ASSIGNMENT: The material beneath this line should be printed exactly, with its pictures omitted.

SOURCE DATA:

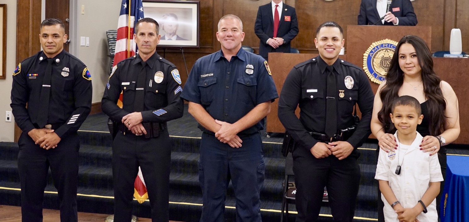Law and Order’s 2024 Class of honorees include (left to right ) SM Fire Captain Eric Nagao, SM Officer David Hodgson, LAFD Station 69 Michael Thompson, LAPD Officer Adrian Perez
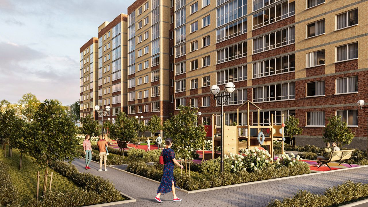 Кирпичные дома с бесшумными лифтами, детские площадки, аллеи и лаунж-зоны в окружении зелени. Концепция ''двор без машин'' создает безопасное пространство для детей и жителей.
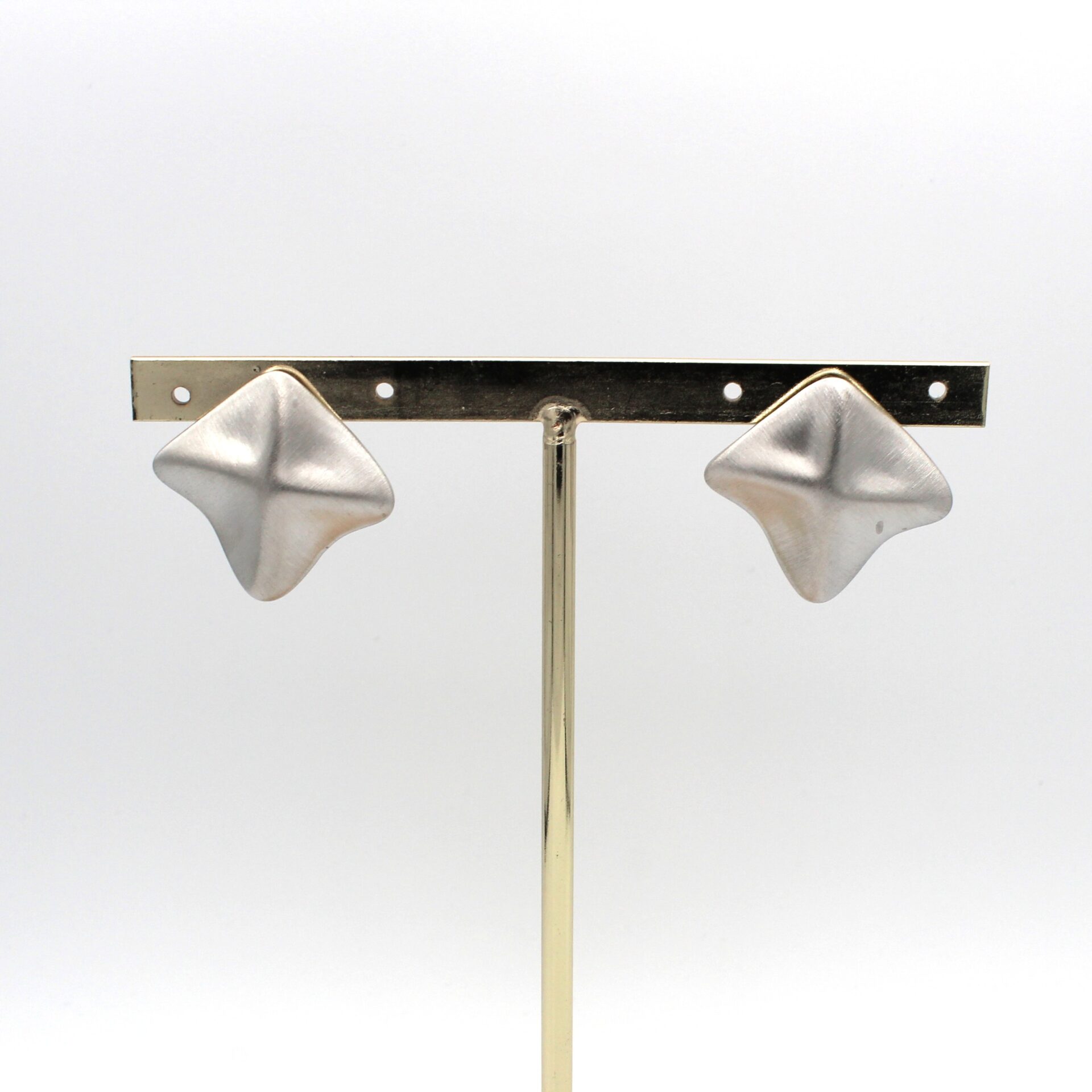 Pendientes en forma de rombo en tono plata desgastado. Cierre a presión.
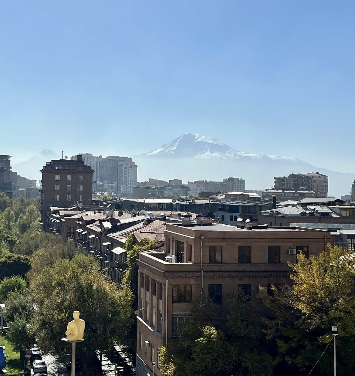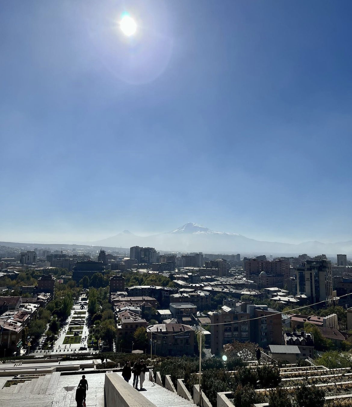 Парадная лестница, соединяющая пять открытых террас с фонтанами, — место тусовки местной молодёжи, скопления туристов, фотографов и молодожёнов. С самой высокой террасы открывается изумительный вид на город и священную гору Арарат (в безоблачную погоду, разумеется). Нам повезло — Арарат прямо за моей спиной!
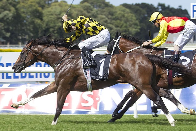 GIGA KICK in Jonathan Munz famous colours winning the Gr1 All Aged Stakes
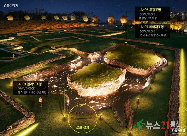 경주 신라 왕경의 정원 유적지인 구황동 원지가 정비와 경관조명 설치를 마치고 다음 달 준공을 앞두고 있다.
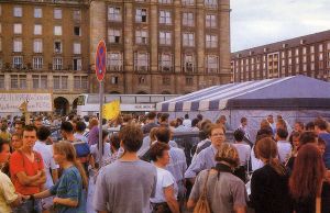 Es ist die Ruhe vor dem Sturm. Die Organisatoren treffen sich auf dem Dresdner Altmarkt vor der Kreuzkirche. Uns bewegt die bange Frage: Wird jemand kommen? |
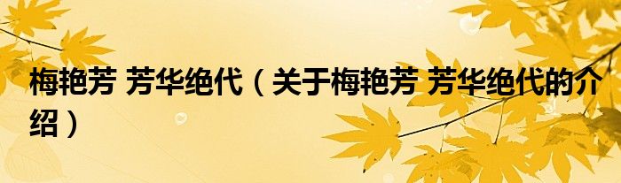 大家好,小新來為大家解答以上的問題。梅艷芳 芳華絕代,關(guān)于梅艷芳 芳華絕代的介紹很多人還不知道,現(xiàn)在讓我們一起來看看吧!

EXERCISE SOLUTION:
Law and Order’s 2024 Class of honorees include (left to right ) SM Fire Captain Eric Nagao, SM Officer David Hodgson, LAFD Station 69 Michael Thompson, LAPD Officer Adrian Perez
 Кирпичные дома с бесшумными лифтами, детские площадки, аллеи и лаунж-зоны в окружении зелени. Концепция ''двор без машин'' создает безопасное пространство для детей и жителей.
 Pendientes en forma de rombo en tono plata desgastado. Cierre a presión.
 Парадная лестница, соединяющая пять открытых террас с фонтанами, — место тусовки местной молодёжи, скопления туристов, фотографов и молодожёнов. С самой высокой террасы открывается изумительный вид на город и священную гору Арарат (в безоблачную погоду, разумеется). Нам повезло — Арарат прямо за моей спиной!
 GIGA KICK in Jonathan Munz famous colours winning the Gr1 All Aged Stakes
 경주 신라 왕경의 정원 유적지인 구황동 원지가 정비와 경관조명 설치를 마치고 다음 달 준공을 앞두고 있다.
 Es ist die Ruhe vor dem Sturm. Die Organisatoren treffen sich auf dem Dresdner Altmarkt vor der Kreuzkirche. Uns bewegt die bange Frage: Wird jemand kommen? |
 大家好,小新來為大家解答以上的問題。梅艷芳 芳華絕代,關(guān)于梅艷芳 芳華絕代的介紹很多人還不知道,現(xiàn)在讓我們一起來看看吧!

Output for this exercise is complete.